▽
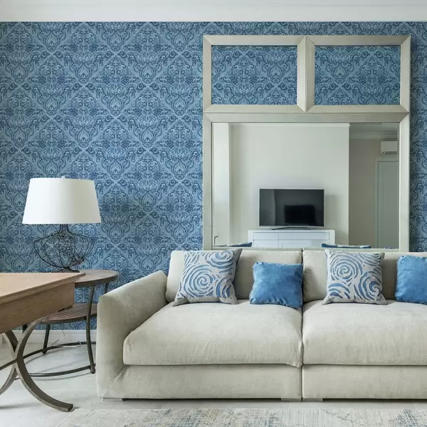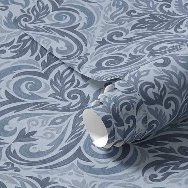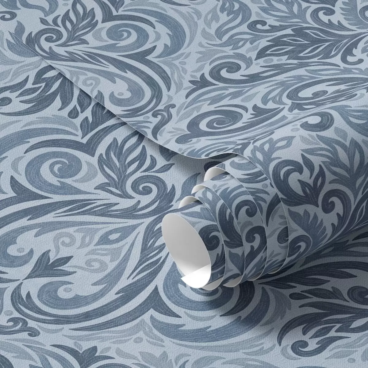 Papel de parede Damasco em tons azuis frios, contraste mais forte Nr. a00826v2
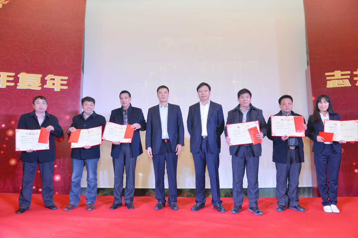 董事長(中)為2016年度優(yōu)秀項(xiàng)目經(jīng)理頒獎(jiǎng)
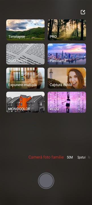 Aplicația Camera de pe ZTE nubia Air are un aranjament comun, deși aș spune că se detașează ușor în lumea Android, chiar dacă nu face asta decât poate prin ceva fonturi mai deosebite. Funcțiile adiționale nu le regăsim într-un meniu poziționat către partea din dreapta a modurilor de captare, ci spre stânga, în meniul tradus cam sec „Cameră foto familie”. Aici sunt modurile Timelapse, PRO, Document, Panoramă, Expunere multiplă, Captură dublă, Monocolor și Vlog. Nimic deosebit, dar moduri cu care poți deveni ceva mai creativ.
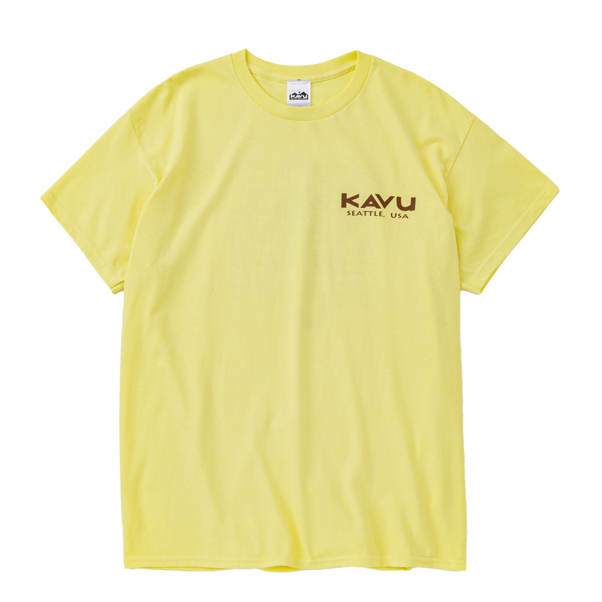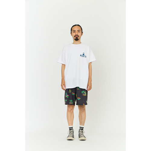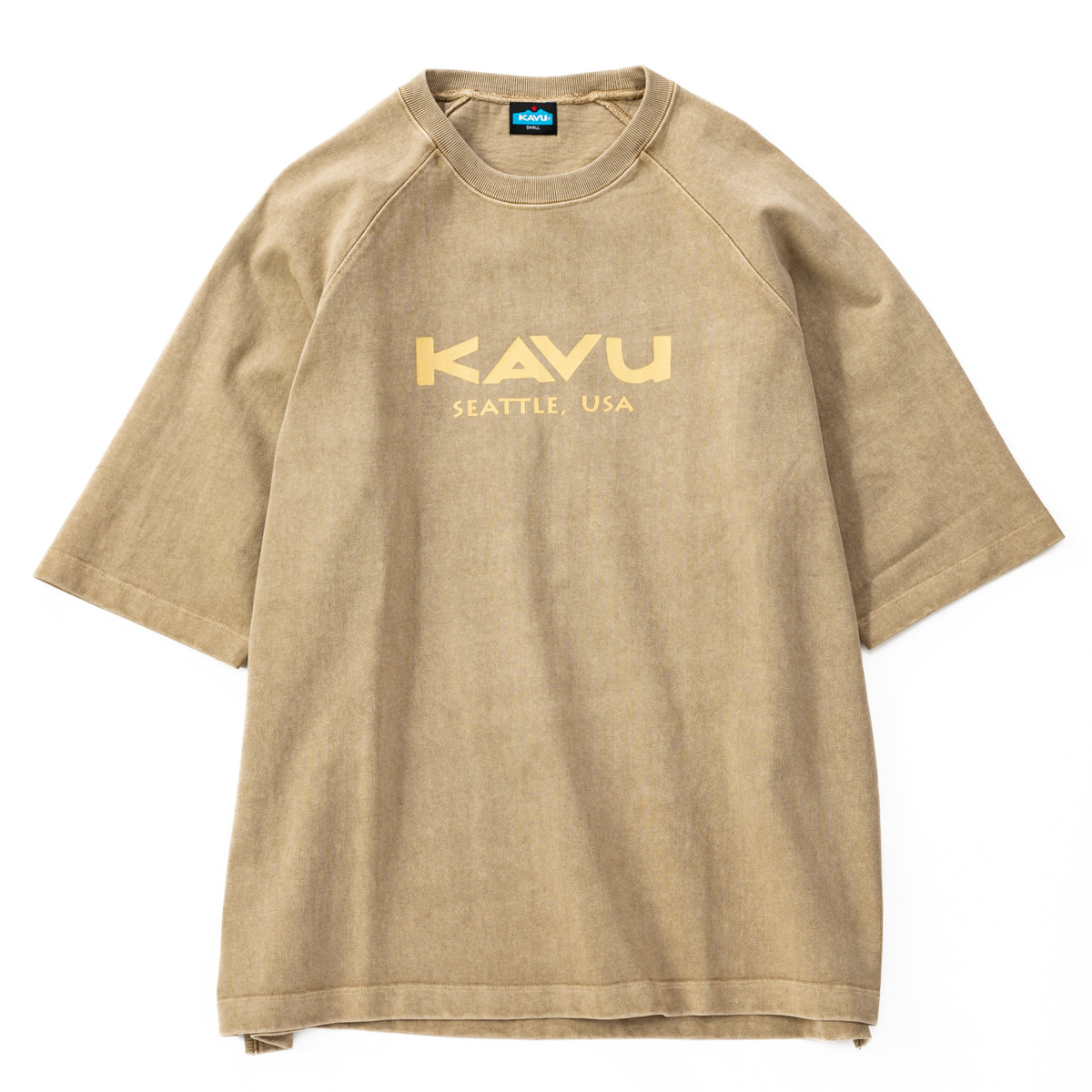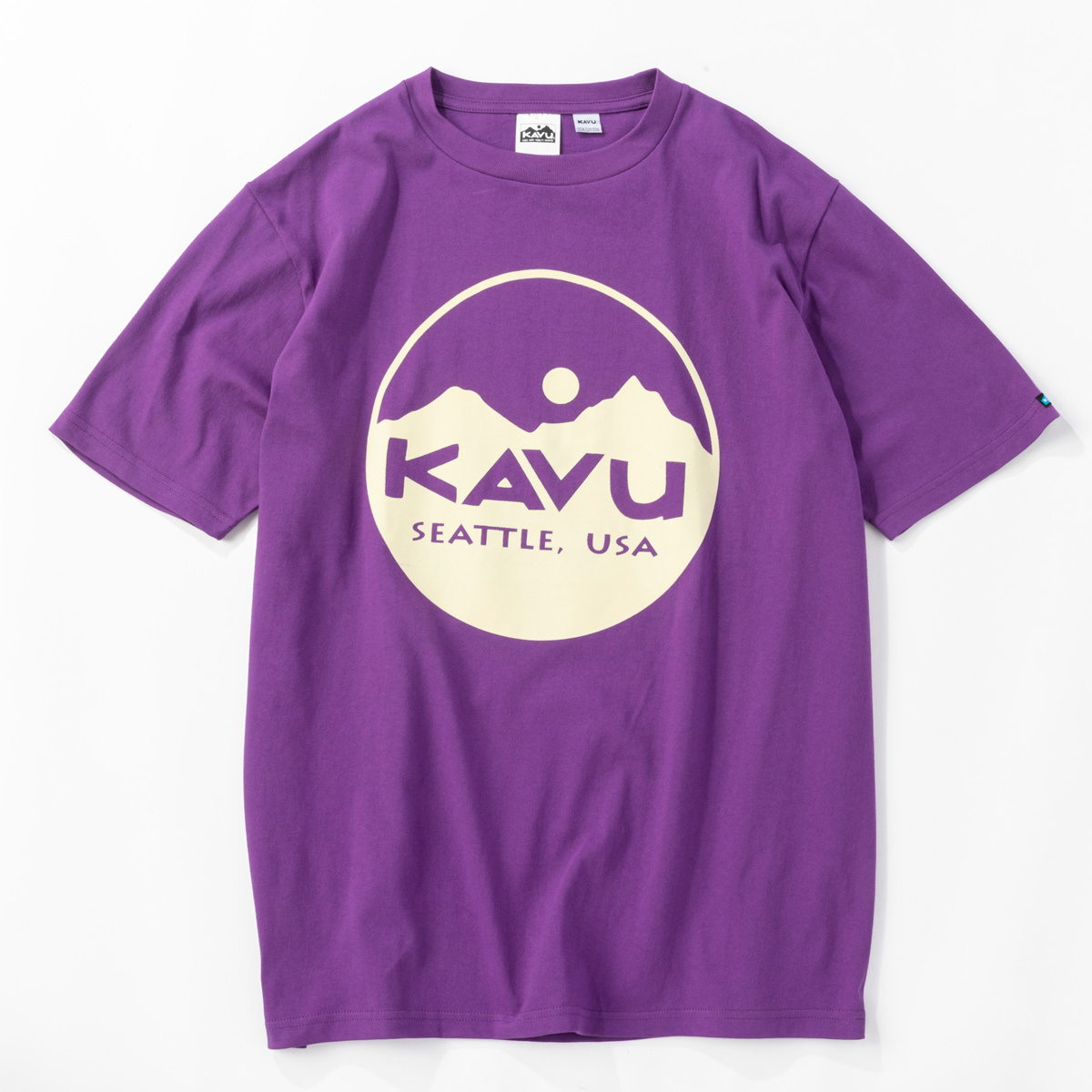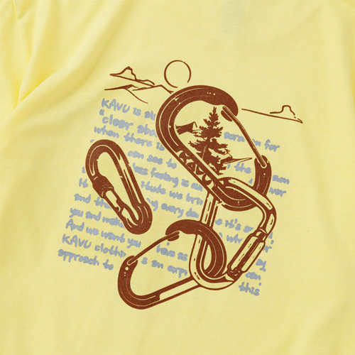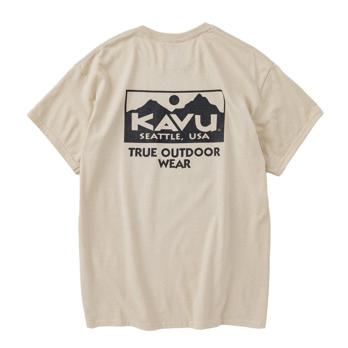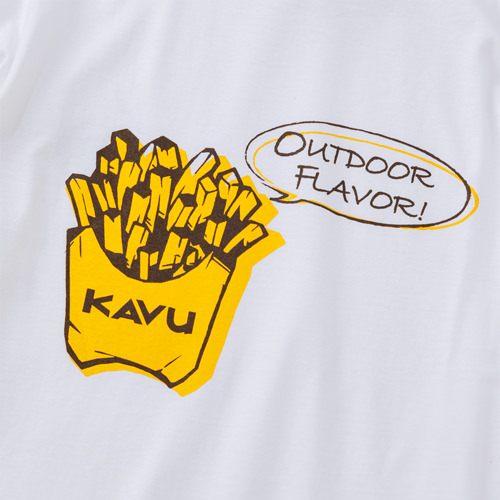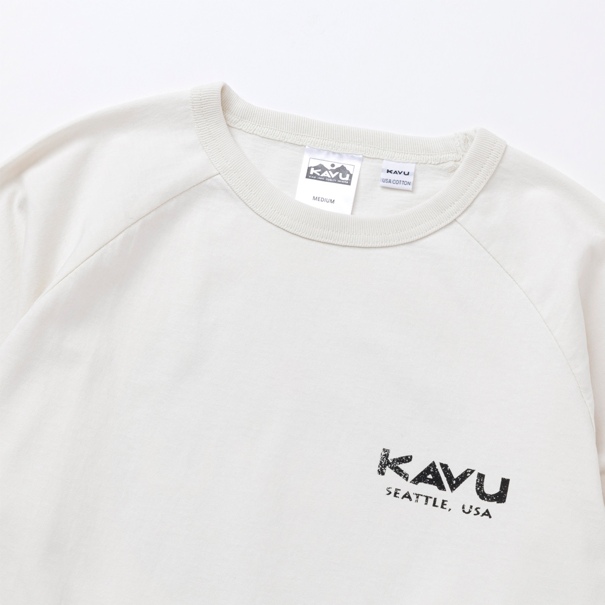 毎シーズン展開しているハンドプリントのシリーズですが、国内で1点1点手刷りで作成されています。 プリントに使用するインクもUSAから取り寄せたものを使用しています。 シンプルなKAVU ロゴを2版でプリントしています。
△
A verbatim copy of the listing, with all pictures removed, is required.

- Written reply -
 Papel de parede Damasco em tons azuis frios, contraste mais forte Nr. a00826v2
 董事長(中)為2016年度優(yōu)秀項(xiàng)目經(jīng)理頒獎(jiǎng)
 Aplicația Camera de pe ZTE nubia Air are un aranjament comun, deși aș spune că se detașează ușor în lumea Android, chiar dacă nu face asta decât poate prin ceva fonturi mai deosebite. Funcțiile adiționale nu le regăsim într-un meniu poziționat către partea din dreapta a modurilor de captare, ci spre stânga, în meniul tradus cam sec „Cameră foto familie”. Aici sunt modurile Timelapse, PRO, Document, Panoramă, Expunere multiplă, Captură dublă, Monocolor și Vlog. Nimic deosebit, dar moduri cu care poți deveni ceva mai creativ.
 毎シーズン展開しているハンドプリントのシリーズですが、国内で1点1点手刷りで作成されています。 プリントに使用するインクもUSAから取り寄せたものを使用しています。 シンプルなKAVU ロゴを2版でプリントしています。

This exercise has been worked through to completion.